### Data
● ● ● ● ●
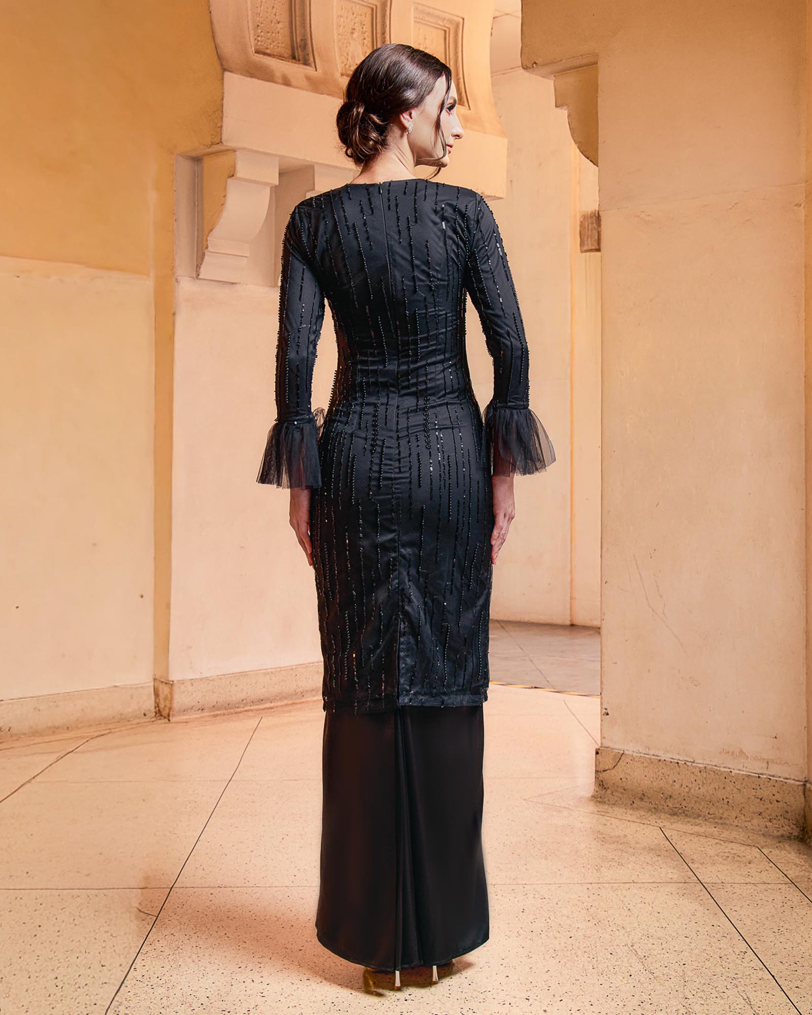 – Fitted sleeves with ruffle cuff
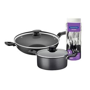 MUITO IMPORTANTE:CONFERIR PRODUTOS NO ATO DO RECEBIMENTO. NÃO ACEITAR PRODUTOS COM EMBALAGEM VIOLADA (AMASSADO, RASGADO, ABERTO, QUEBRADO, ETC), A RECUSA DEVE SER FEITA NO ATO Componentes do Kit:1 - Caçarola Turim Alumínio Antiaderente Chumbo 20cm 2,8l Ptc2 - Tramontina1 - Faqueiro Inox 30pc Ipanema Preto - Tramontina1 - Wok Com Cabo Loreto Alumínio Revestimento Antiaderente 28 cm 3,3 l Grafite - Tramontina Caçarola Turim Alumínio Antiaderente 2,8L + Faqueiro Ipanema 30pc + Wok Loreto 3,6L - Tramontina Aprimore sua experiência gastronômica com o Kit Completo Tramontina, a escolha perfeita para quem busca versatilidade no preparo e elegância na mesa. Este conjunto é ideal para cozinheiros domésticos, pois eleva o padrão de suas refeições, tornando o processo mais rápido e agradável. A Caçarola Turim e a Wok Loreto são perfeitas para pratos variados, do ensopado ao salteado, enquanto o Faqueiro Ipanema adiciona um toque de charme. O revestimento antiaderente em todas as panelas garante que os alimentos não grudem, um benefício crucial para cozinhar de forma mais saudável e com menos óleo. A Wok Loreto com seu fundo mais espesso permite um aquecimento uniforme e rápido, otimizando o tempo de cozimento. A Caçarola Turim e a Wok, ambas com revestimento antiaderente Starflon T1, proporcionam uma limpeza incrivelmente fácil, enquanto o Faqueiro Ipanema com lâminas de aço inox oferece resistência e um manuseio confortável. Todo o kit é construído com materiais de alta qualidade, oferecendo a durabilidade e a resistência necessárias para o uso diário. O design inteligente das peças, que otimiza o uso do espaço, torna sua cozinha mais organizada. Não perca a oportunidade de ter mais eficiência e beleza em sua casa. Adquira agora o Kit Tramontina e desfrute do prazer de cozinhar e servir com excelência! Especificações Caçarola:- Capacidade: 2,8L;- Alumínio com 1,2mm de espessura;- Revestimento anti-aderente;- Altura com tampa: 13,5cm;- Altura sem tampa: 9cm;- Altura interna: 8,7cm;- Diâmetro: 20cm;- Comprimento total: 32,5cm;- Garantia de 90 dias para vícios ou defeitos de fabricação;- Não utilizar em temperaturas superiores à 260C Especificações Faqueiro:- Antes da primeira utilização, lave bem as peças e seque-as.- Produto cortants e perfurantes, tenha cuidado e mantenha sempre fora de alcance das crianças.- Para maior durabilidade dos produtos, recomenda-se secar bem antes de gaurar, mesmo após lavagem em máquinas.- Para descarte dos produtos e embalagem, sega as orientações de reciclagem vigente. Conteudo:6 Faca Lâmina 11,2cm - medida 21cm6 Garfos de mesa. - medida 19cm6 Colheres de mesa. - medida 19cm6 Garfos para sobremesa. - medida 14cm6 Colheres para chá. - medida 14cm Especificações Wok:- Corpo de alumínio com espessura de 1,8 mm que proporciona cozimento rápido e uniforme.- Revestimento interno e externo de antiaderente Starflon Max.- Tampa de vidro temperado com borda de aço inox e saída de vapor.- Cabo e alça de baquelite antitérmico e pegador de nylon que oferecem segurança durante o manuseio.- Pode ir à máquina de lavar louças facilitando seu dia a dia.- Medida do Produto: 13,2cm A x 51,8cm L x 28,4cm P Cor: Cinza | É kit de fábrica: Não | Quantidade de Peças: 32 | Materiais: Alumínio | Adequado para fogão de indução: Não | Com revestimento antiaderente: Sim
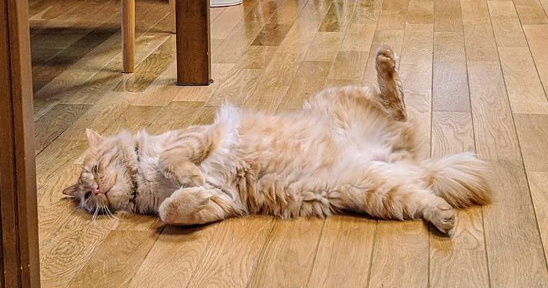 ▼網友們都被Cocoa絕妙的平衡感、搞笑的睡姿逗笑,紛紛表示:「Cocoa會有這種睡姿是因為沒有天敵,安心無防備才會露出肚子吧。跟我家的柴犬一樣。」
● ● ● ● ●
### Assignment
From start to finish, output the listing exactly, but omit its pictures.

### Exercise answer
 – Fitted sleeves with ruffle cuff
 MUITO IMPORTANTE:CONFERIR PRODUTOS NO ATO DO RECEBIMENTO. NÃO ACEITAR PRODUTOS COM EMBALAGEM VIOLADA (AMASSADO, RASGADO, ABERTO, QUEBRADO, ETC), A RECUSA DEVE SER FEITA NO ATO Componentes do Kit:1 - Caçarola Turim Alumínio Antiaderente Chumbo 20cm 2,8l Ptc2 - Tramontina1 - Faqueiro Inox 30pc Ipanema Preto - Tramontina1 - Wok Com Cabo Loreto Alumínio Revestimento Antiaderente 28 cm 3,3 l Grafite - Tramontina Caçarola Turim Alumínio Antiaderente 2,8L + Faqueiro Ipanema 30pc + Wok Loreto 3,6L - Tramontina Aprimore sua experiência gastronômica com o Kit Completo Tramontina, a escolha perfeita para quem busca versatilidade no preparo e elegância na mesa. Este conjunto é ideal para cozinheiros domésticos, pois eleva o padrão de suas refeições, tornando o processo mais rápido e agradável. A Caçarola Turim e a Wok Loreto são perfeitas para pratos variados, do ensopado ao salteado, enquanto o Faqueiro Ipanema adiciona um toque de charme. O revestimento antiaderente em todas as panelas garante que os alimentos não grudem, um benefício crucial para cozinhar de forma mais saudável e com menos óleo. A Wok Loreto com seu fundo mais espesso permite um aquecimento uniforme e rápido, otimizando o tempo de cozimento. A Caçarola Turim e a Wok, ambas com revestimento antiaderente Starflon T1, proporcionam uma limpeza incrivelmente fácil, enquanto o Faqueiro Ipanema com lâminas de aço inox oferece resistência e um manuseio confortável. Todo o kit é construído com materiais de alta qualidade, oferecendo a durabilidade e a resistência necessárias para o uso diário. O design inteligente das peças, que otimiza o uso do espaço, torna sua cozinha mais organizada. Não perca a oportunidade de ter mais eficiência e beleza em sua casa. Adquira agora o Kit Tramontina e desfrute do prazer de cozinhar e servir com excelência! Especificações Caçarola:- Capacidade: 2,8L;- Alumínio com 1,2mm de espessura;- Revestimento anti-aderente;- Altura com tampa: 13,5cm;- Altura sem tampa: 9cm;- Altura interna: 8,7cm;- Diâmetro: 20cm;- Comprimento total: 32,5cm;- Garantia de 90 dias para vícios ou defeitos de fabricação;- Não utilizar em temperaturas superiores à 260C Especificações Faqueiro:- Antes da primeira utilização, lave bem as peças e seque-as.- Produto cortants e perfurantes, tenha cuidado e mantenha sempre fora de alcance das crianças.- Para maior durabilidade dos produtos, recomenda-se secar bem antes de gaurar, mesmo após lavagem em máquinas.- Para descarte dos produtos e embalagem, sega as orientações de reciclagem vigente. Conteudo:6 Faca Lâmina 11,2cm - medida 21cm6 Garfos de mesa. - medida 19cm6 Colheres de mesa. - medida 19cm6 Garfos para sobremesa. - medida 14cm6 Colheres para chá. - medida 14cm Especificações Wok:- Corpo de alumínio com espessura de 1,8 mm que proporciona cozimento rápido e uniforme.- Revestimento interno e externo de antiaderente Starflon Max.- Tampa de vidro temperado com borda de aço inox e saída de vapor.- Cabo e alça de baquelite antitérmico e pegador de nylon que oferecem segurança durante o manuseio.- Pode ir à máquina de lavar louças facilitando seu dia a dia.- Medida do Produto: 13,2cm A x 51,8cm L x 28,4cm P Cor: Cinza | É kit de fábrica: Não | Quantidade de Peças: 32 | Materiais: Alumínio | Adequado para fogão de indução: Não | Com revestimento antiaderente: Sim
 ▼網友們都被Cocoa絕妙的平衡感、搞笑的睡姿逗笑,紛紛表示:「Cocoa會有這種睡姿是因為沒有天敵,安心無防備才會露出肚子吧。跟我家的柴犬一樣。」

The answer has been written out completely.